DATA TO USE:
____

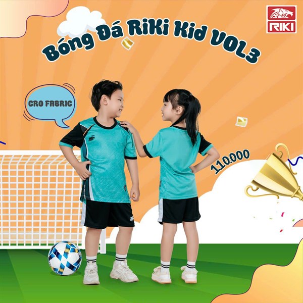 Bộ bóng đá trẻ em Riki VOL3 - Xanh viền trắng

____

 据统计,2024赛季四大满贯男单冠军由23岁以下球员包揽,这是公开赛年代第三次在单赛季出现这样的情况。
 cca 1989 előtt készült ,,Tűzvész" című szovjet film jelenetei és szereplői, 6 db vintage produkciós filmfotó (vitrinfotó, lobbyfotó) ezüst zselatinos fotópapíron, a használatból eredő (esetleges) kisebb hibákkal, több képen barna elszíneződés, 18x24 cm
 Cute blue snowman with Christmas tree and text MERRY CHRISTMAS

____

ASSIGNMENT: Reprint exactly the lines above that start at the one with "据统计,2024赛季四大满贯" and end at the one with "Cute blue snowman", keeping both and adding none.

TASK ANSWER:
 据统计,2024赛季四大满贯男单冠军由23岁以下球员包揽,这是公开赛年代第三次在单赛季出现这样的情况。
 cca 1989 előtt készült ,,Tűzvész" című szovjet film jelenetei és szereplői, 6 db vintage produkciós filmfotó (vitrinfotó, lobbyfotó) ezüst zselatinos fotópapíron, a használatból eredő (esetleges) kisebb hibákkal, több képen barna elszíneződés, 18x24 cm
 Cute blue snowman with Christmas tree and text MERRY CHRISTMAS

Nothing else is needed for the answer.